Finally better understand the debacle of the Fox News experience ... .

 It would be impossible for anyone to know that -- due to restraints related to my status as a federal employee -- I've been granted a 4-week leave from my ranger position in order to enable my ability to work with the publisher in the launch of my memoir, Sign my name to freedom.  The book is being shipped this week to bookstores nationally.  During this time I am totally out of uniform and into civvies as my private person, Betty Reid Soskin, self.   It's a question of a serious conflict of interest as a federal employee subject to restraints that are important within the system, with necessary negotiations connected with each and every personal appearance and/or interview I'm involved in.  I cannot be seen as profiting in my private life from my federal position, the last thing I'd ever intended.

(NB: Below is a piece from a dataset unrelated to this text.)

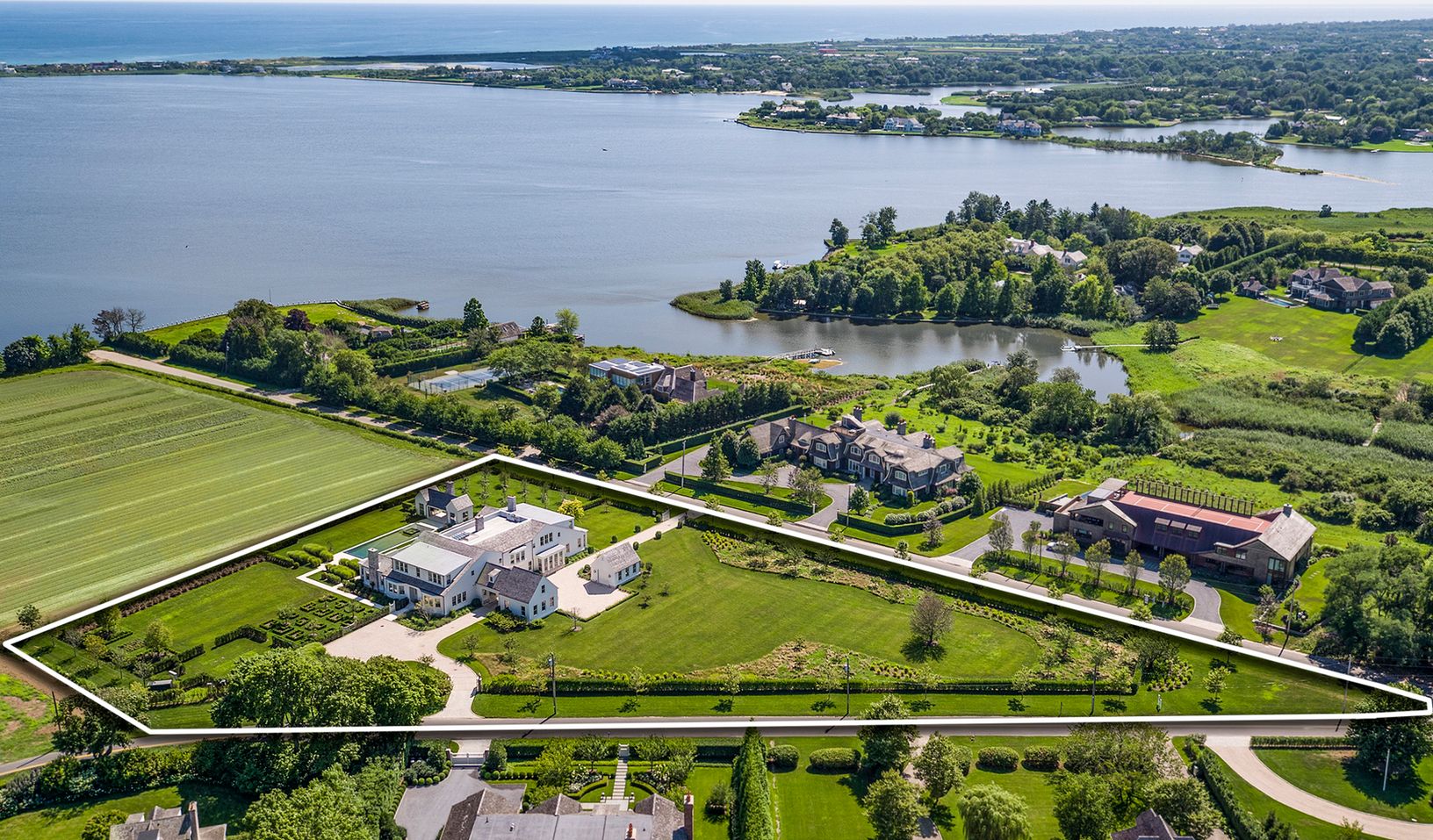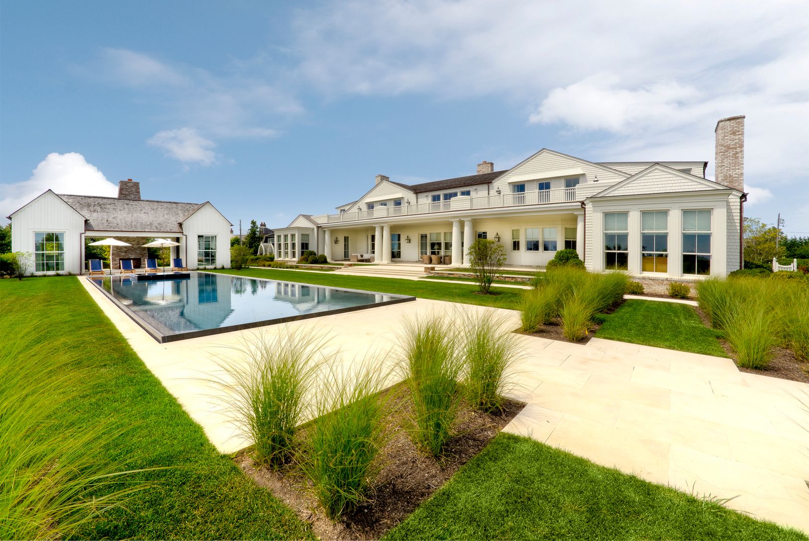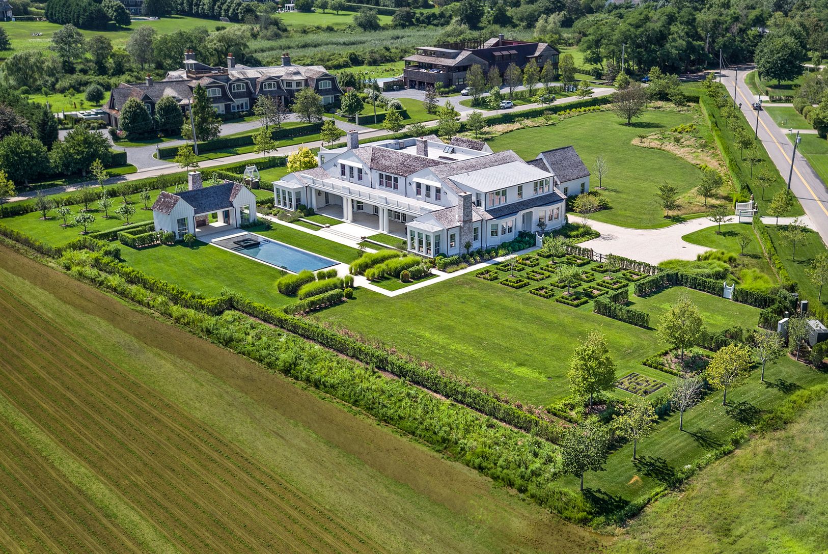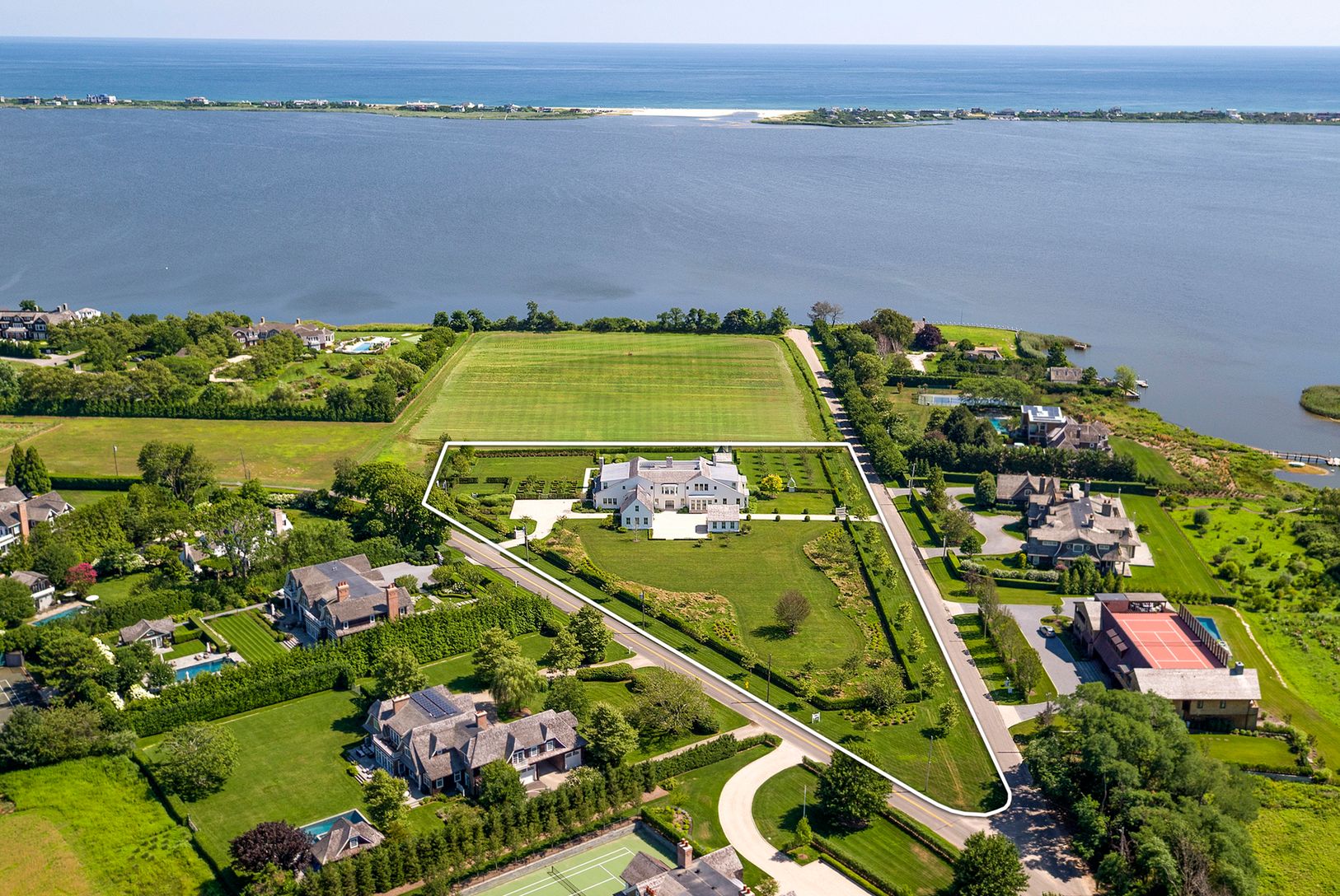 This south of the highway mansion in Water Mill with bay and ocean views, created by the 2014 HC&G Innovation in Design Award winner James Michael Howard, has it all. It features 12,000+/- sq ft of living space, architecture by Peter Block, and sits on a vast 3+/- acre parcel approximately 200 yards from the water. The grand foyer has wonderful inlaid stone patterned floors which lead into the Stair Hall with a custom staircase in a two-st

But then my entire later life has happened in a series of disconnected circumstances and experiences; that "constant state of surprise" that I seem to have been born into.

Most of the media has been cooperating, and the local press has been willing to go along with the federal protocols by carefully wording their stories to avoid the conflict.  It's a tight line to navigate since I'm now so firmly identified as a national park ranger, though over the 85 years prior to this I've known a complicated set of identities, been many women, sequentially.

There are now many conversations with publicity people, agents, producers, who have little reason to even be interested in private Betty Reid Soskin since she certainly didn't rise to this level of public attention until becoming a ranger.  Why should they?  Besides, there's all that buzz out there in the media -- now worldwide -- related to that public persona to take advantage of.

It's a tight line to try to hold.  After today it feels almost impossible ... .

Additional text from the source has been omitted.